Pity me, because this is no small thing. First, I’ll be 42 this year. Even when I was 32 it really wasn’t that much work to drop a few extra pounds… but something happened.

At 42 they seem to go on really easy, but they come off only with a great deal of effort.

Second, life’s demands are against me. I go to meetings for a living. I am always at meetings… executive meetings, donor meetings, church meetings, meetings with business people, and academic people, and church people. And when I’m not at a meeting, I am sitting at my desk preparing for the next set of meetings.

We all know what we do at meetings… nothing! At least nothing that resembles any physical activity. To make matters worse, while we are sedentary around the meeting tables what do we do? We eat. And not just the lunch meetings, and breakfast meetings, and dinner meetings… we bring the snacks in for all the other meetings too.

I suppose if I had any sense, I would make one of my couple of jobs something that included a little exercise.

But the real problem for me is simple; I love food. I really love food. I love good food. I have enjoyed some extraordinary meals. I love home cooking, and I enjoy wonderful food at my house. And I have enjoyed spectacular meals at some pretty special restaurants. I enjoy the way good food smells, and the way it looks, and certainly the way it tastes. I like the rituals associated with food. Multi-course meals are a blast. I really enjoy meals that are an event like dim sum or fondue.

But I don’t think my biggest problem is that I love good food. I think the biggest problem is that I love bad food. As much as I enjoy a finely prepared meal with the most exquisite ingredients, I can get a great deal of satisfaction out of a bag of nacho cheese Doritos. The desert pastries at the Four Seasons are delightful, but a cinnamon sugar Pop Tart is pretty good too. Steak Daniels at Daniel’s Broiler, that lean filet topped with Dungeness crab and béarnaise sauce, is off the charts… but I like Spam too.

I really like the Hostess Chocolate Donette. You know… these little donuts wrapped in cellophane that are near the cash register at most convenience stores.
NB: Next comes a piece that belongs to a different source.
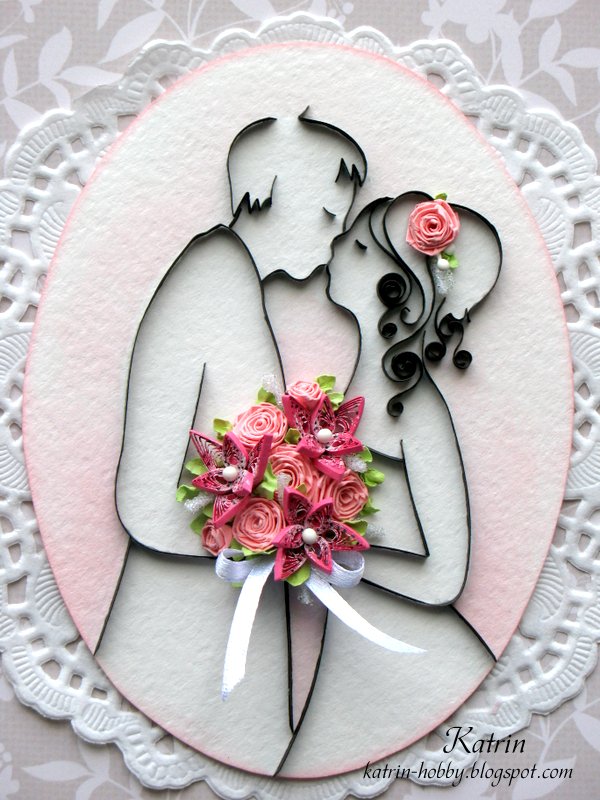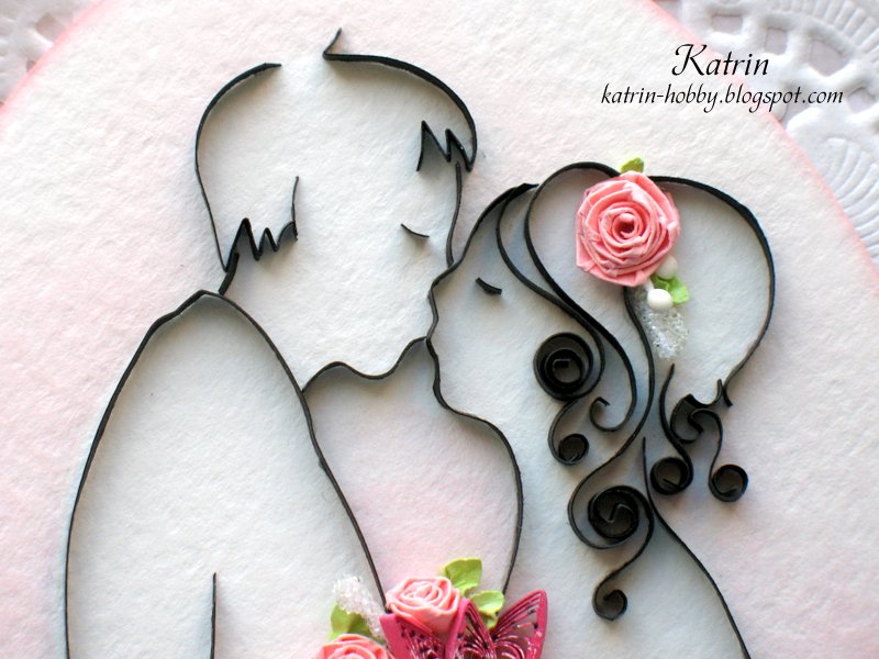 У меня сразу родилась идея, которая воплотилась в открытке с влюбленными силуэтами...Не стала загромождать лишними детальками, хотелось очень сконцентрировать внимание именно на молодоженах.
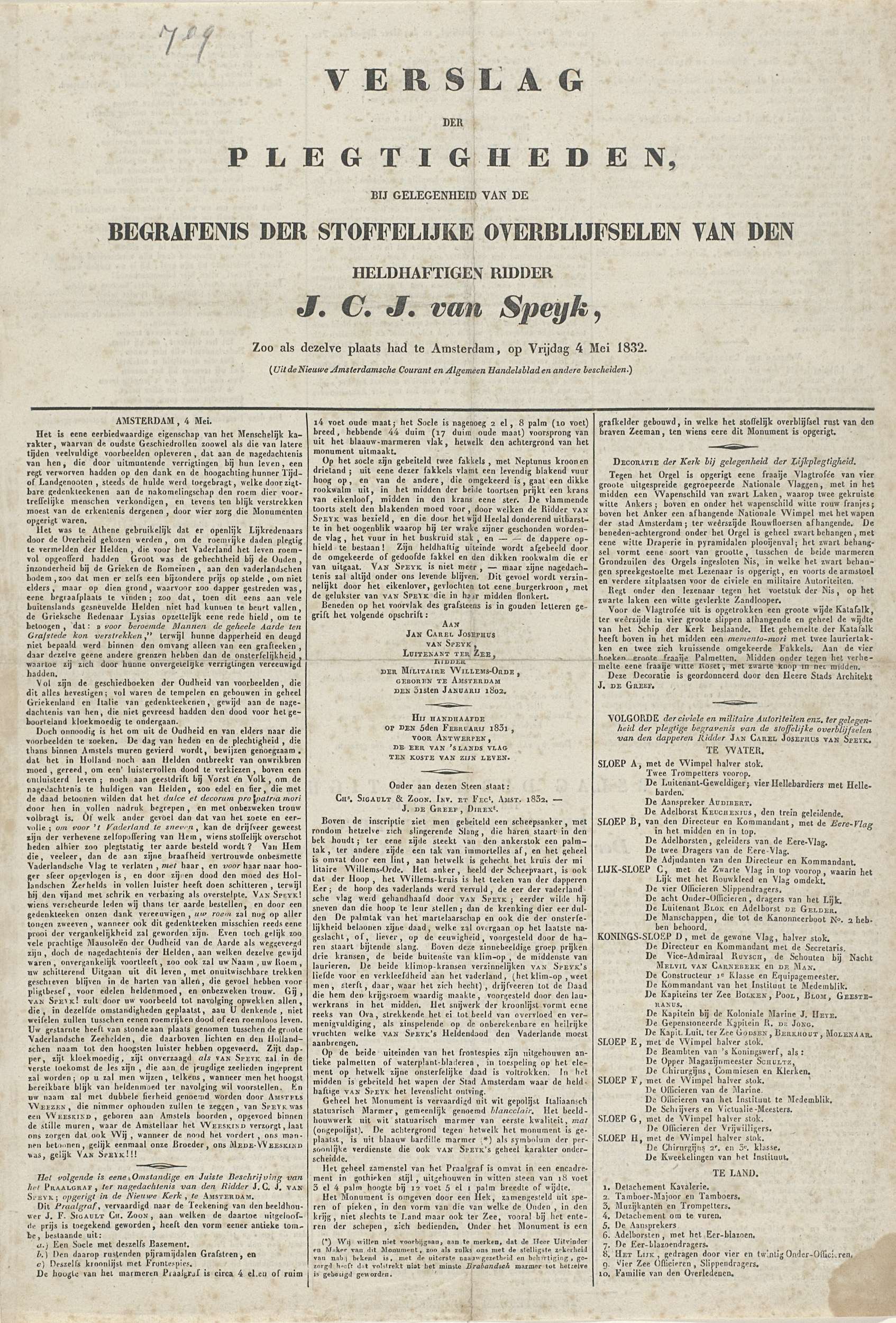 Verslag van de begrafenis van Jan van Speyk, 1832

I dare not look at the ingredients; I’m fairly sure that they are white sugar, white flour, lard, glue, black tar and some magic chemicals. 75 calories in these bite size gems; all you have to do is eat six of ‘em to get your recommended daily allowance of saturated fat.
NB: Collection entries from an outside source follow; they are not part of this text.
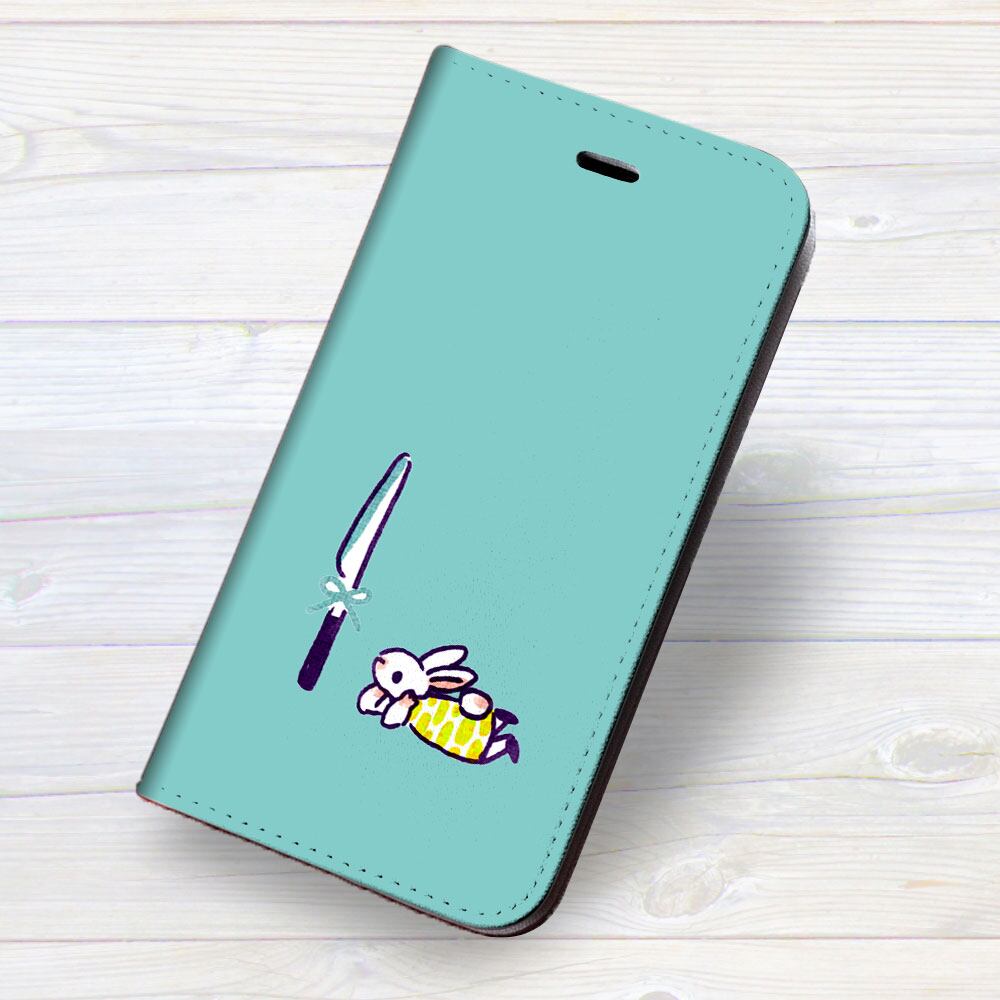 iPhone対応 スマホ 手帳型ケース うさぎ アクアブルー イラスト キュート 動物 【iPhone16 / iPhone16e / iPhoneSE 他 iPhone各機種対応】 st63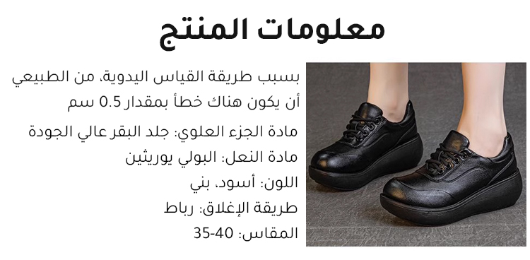 Healthy-foot حذاء أمهات جلدي سميك برباط، مصنوع من قماش جلدي ناعم تصميم نعل سميك بكعب منحدر يزيد الطول ويجعلك تبدو رشيقة ومريحة بثبات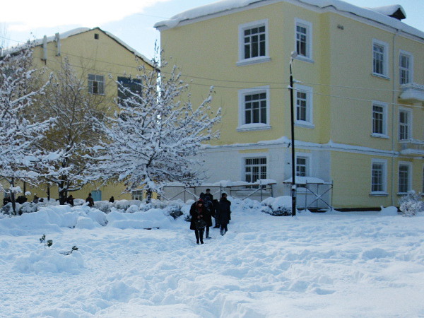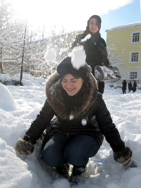 Студенты играют в снежки.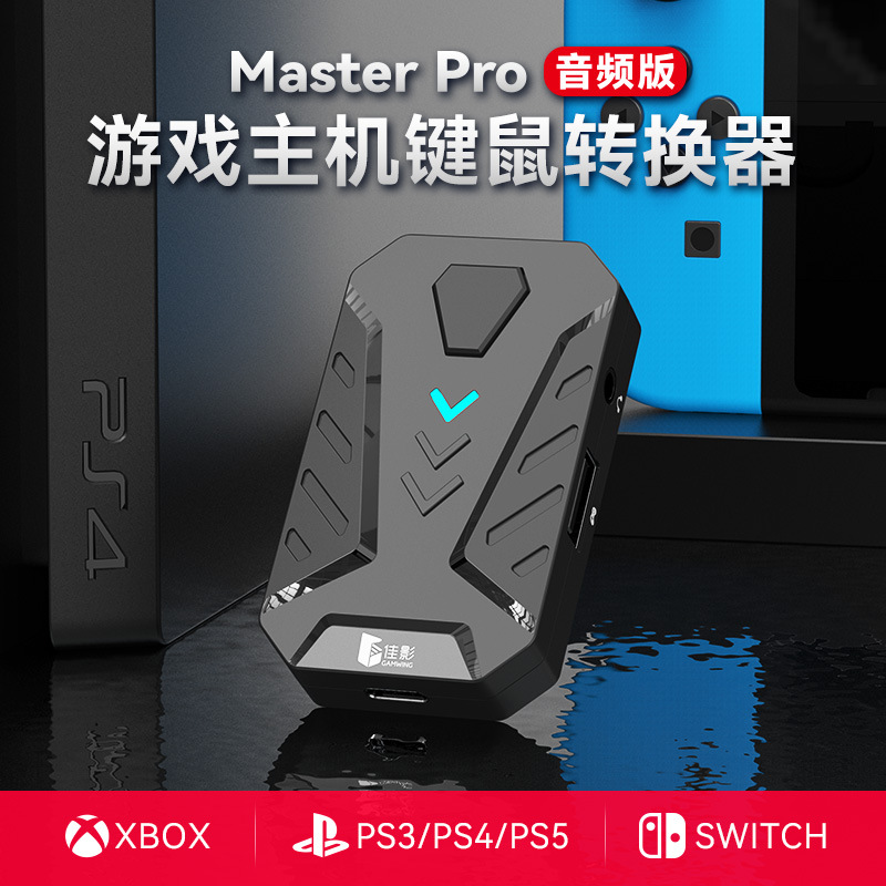 佳影Master Pro音频版主机王座键鼠转换器,兼容PS3,PS4,PS5, XBox360, XBoxONE,XBox Series,Switch主机,有线链接,即插即玩,3.5MM耳机口音频输出,Turbo连发功能,支持自定义按键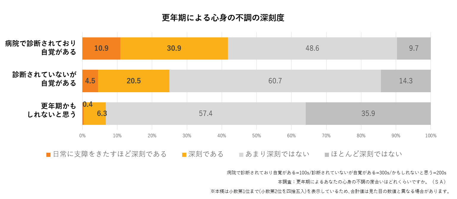 ・一方「診断されていないが自覚がある」人は25.0%、「更年期かもしれないと思う」人の深刻度は6.7%と低めの傾向にあることがわかった。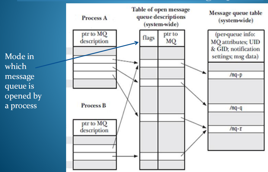 2,操作系统持久独立地维护消息队列,直到它被用户进程明确解除链接(销毁)或系统关闭为止。
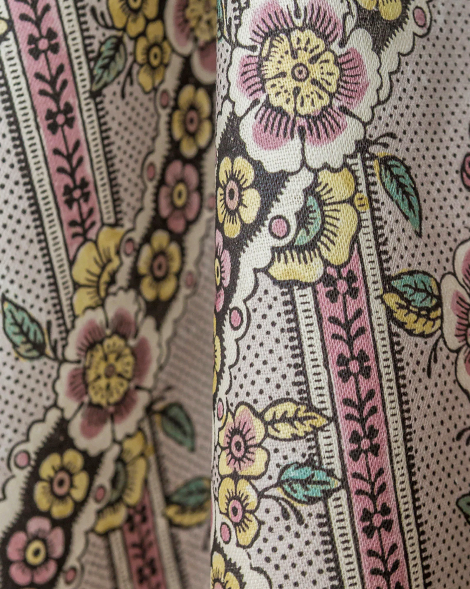 Coussin en lin au motif "Guirlandes de fleurs" issu de notre collection de papiers dominotés.

I love these bad little boys… and I know that I’m not alone. The official Web site for Hostess Snack Cakes ( reports that they churn out 2 billion of these little gut bombs annually.

This is the stuff that this roll around my middle is made of.
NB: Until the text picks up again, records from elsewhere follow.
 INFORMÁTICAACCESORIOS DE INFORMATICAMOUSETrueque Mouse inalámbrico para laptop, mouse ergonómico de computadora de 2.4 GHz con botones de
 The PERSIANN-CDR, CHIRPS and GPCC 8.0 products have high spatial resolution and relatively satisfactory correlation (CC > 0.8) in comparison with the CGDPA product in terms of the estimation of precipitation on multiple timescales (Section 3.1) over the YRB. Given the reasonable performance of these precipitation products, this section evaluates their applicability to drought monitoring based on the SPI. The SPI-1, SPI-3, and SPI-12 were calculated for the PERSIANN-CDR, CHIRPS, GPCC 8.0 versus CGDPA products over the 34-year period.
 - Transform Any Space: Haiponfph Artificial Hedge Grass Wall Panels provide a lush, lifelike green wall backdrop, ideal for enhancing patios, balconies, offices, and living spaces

I’m really happy for the moments that stuff like this is passing through my mouth. And one is never enough, because as good as I feel when I’m eating this stuff, there’s another feeling that is the close second. That feeling is the feeling I get when I’m full. Well, not really just full... but packed full. So, for example, when it comes to pizza around the middle of slice #3 I’m starting to feel full… but slices #4 and #5 (or maybe even #6) are the ones that give you that packed full feeling. That state where you need to recline to find any relief. Combine a pallet for donettes and pizza with the love for that packed full feeling, and it is a wonder I’m as svelte as I am!

The passage that John read to us this morning from Hebrews uses the imagery of food to get our attention and help us understand something more about this Christian life to which we are called. It contrasts good food and bad food, as well as food for the mature and food for the immature.

When we read food here in the Book of Hebrews, we aren’t thinking of Donettes (at least we shouldn’t be thinking of Donettes), we are understanding this to mean something more along the lines of food for our minds, hearts, and spirits.

The pastor who originally penned these words opens this passage by saying, “look, I have really good food for our soul here, but you don’t seem to care.” It is as if we were all packed full of those waxy chocolate Donettes, and then somebody comes along with something really good… but we can’t even think about having a bite because we’re packed full of junk. Or worse yet… we might be hungry, but we’ve so dulled our appetite for good food with junk food that we don’t even know a good thing when we see it.